## Exercise directions
Begin the copy at the line containing "Doppelstockklemme, mit Potenzialverbinder, Nennspannung: 500" in the data below and end it at the line containing "경주역 열차(기차)시간표, 여객운임표(무궁화)", keeping each line exact and leaving out pictures.

## Dataset records
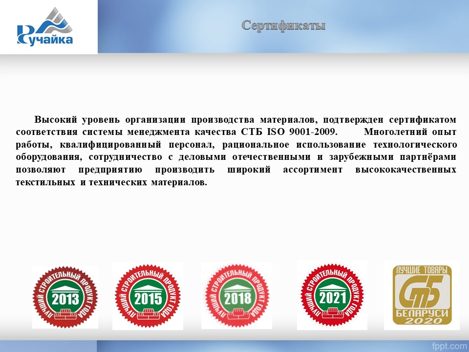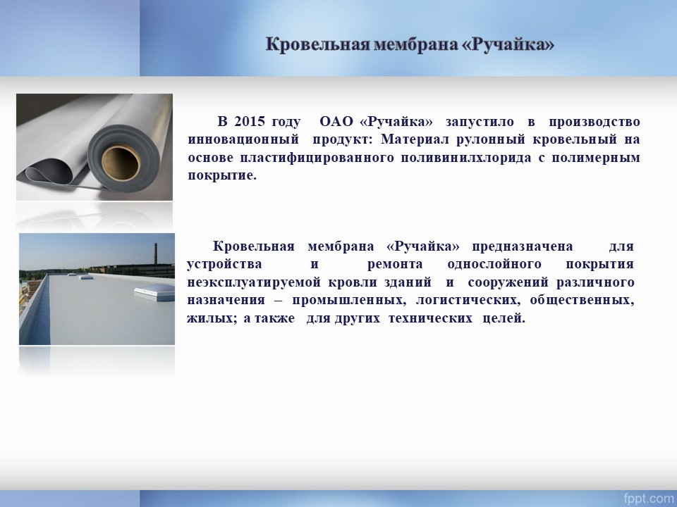 Дахавая мембрана "Ручайка" – гэта армаваны поліэфірнай тканінай матэрыял з трохслаёвым нанясеннем ПВХ кампазіцыі, пакрыты лакам. Прызначаны для прылады і рамонту аднаслаёвага пакрыцця неэксплутаваныя даху будынкаў і збудаванняў рознага прызначэння: прамысловых, грамадскіх і жылых, а таксама для гідраізаляцыі наземных сховішчаў, пакрыццяў рэзервуараў і іншых тэхнічных мэтаў.
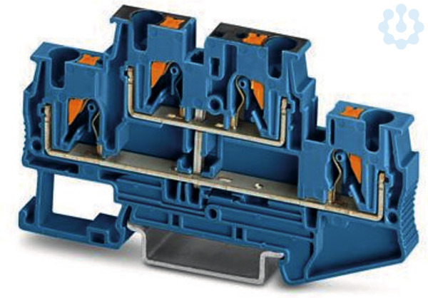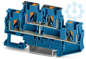 Doppelstockklemme, mit Potenzialverbinder, Nennspannung: 500 V, Nennstrom: 30 A, Anschlussart: Push-in-Anschluss, 1. und 2. Etage, Bemessungsquerschnitt: 4 mm², Querschnitt: 0,2 mm² - 6 mm², Montageart: NS 35/7,5, NS 35/15, Farbe: blau
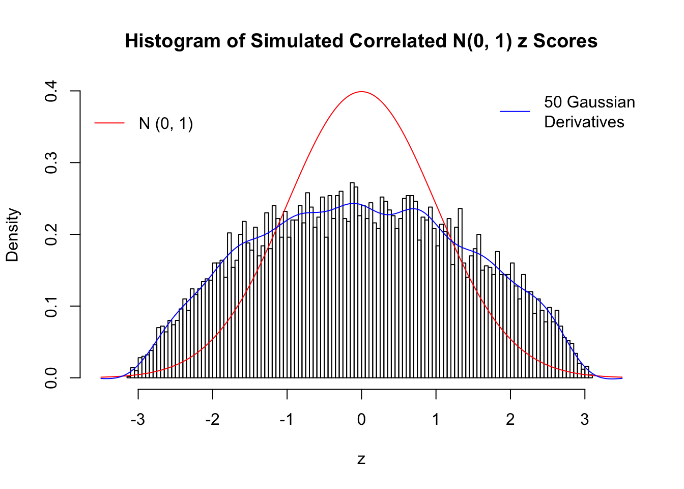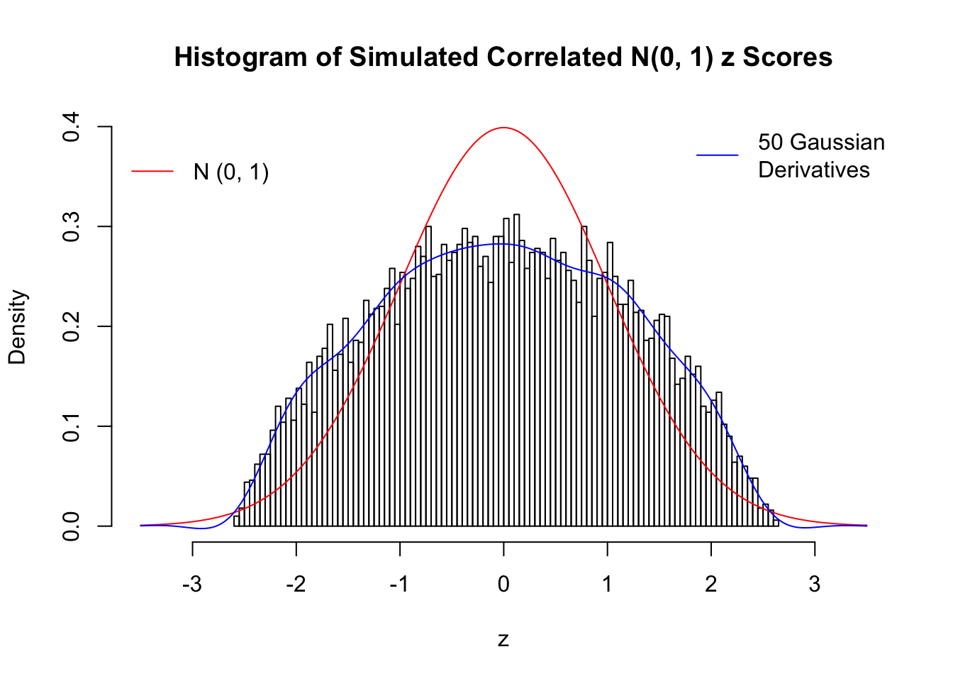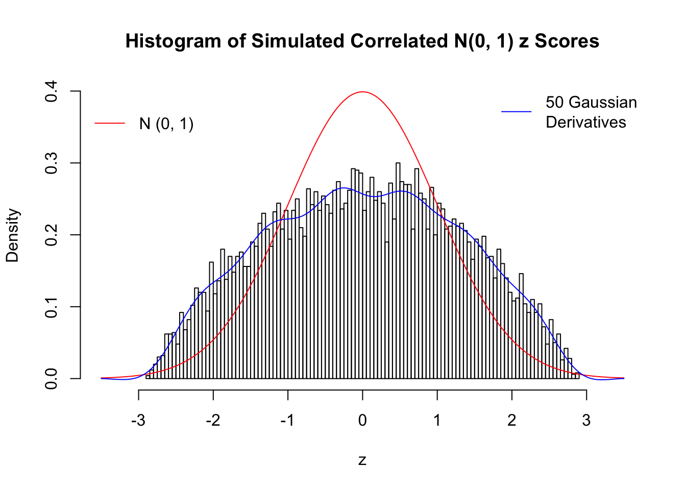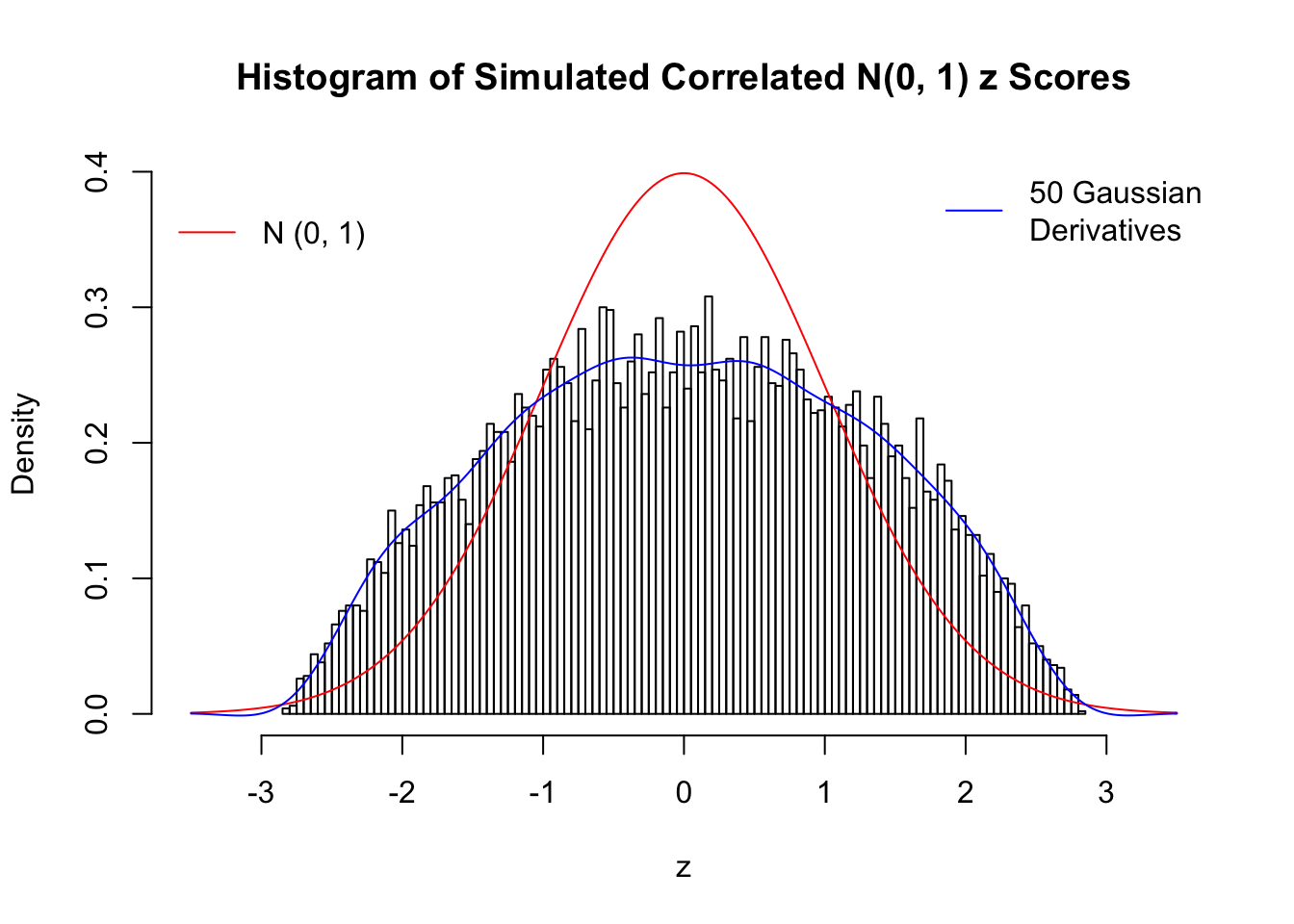 Following Gao’s suggestion, we investigate whether Gaussian derivatives can fit the empirical distributions of purely synthetic correlated \(z\) scores simulated as follows.
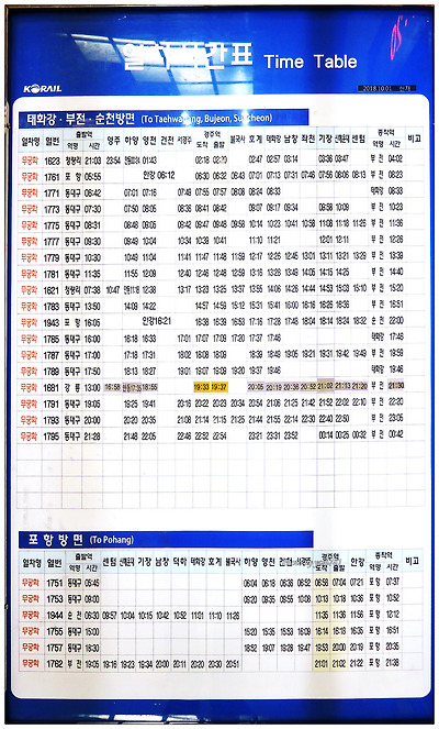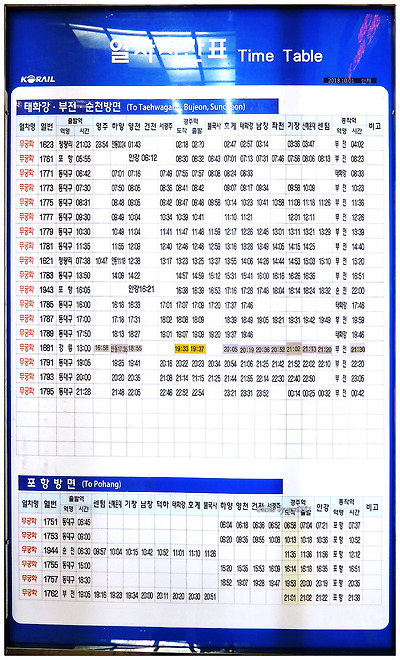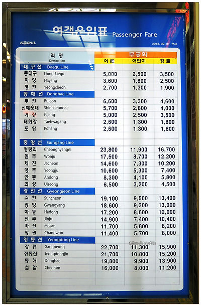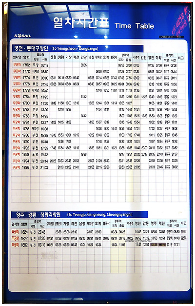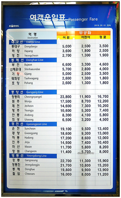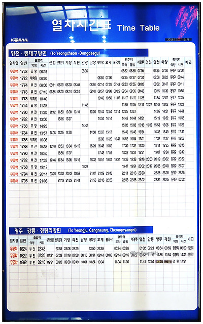 경주역 열차(기차)시간표, 여객운임표(무궁화)
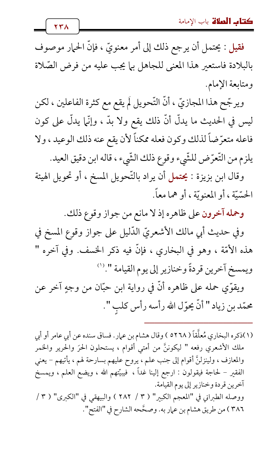 ويقوّي حمله على ظاهره أنّ في رواية ابن حبّان من وجهٍ آخر عن محمّد بن زياد " أنّ يحوّل الله رأسه رأس كلبٍ ".
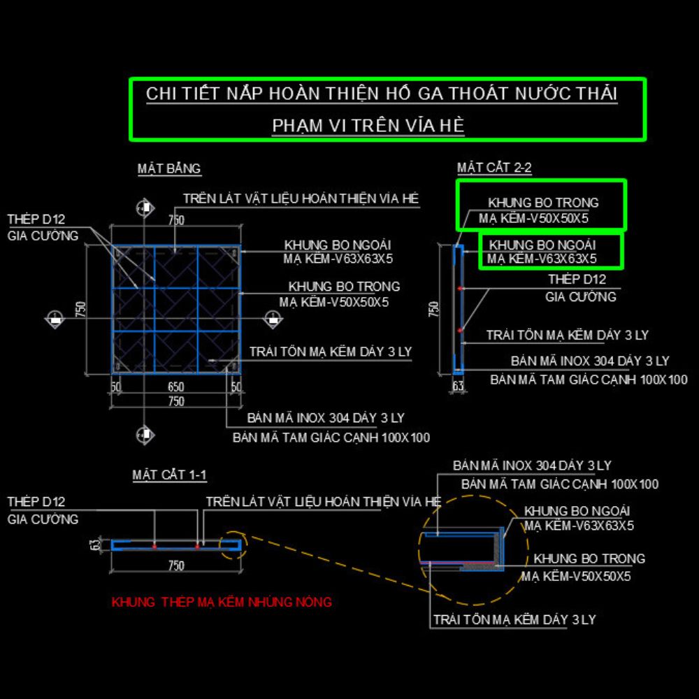 2. BẢN VẼ KỸ THUẬT NẮP HỐ GA INOX 304/201

## Reply
 Doppelstockklemme, mit Potenzialverbinder, Nennspannung: 500 V, Nennstrom: 30 A, Anschlussart: Push-in-Anschluss, 1. und 2. Etage, Bemessungsquerschnitt: 4 mm², Querschnitt: 0,2 mm² - 6 mm², Montageart: NS 35/7,5, NS 35/15, Farbe: blau
 Following Gao’s suggestion, we investigate whether Gaussian derivatives can fit the empirical distributions of purely synthetic correlated \(z\) scores simulated as follows.
 경주역 열차(기차)시간표, 여객운임표(무궁화)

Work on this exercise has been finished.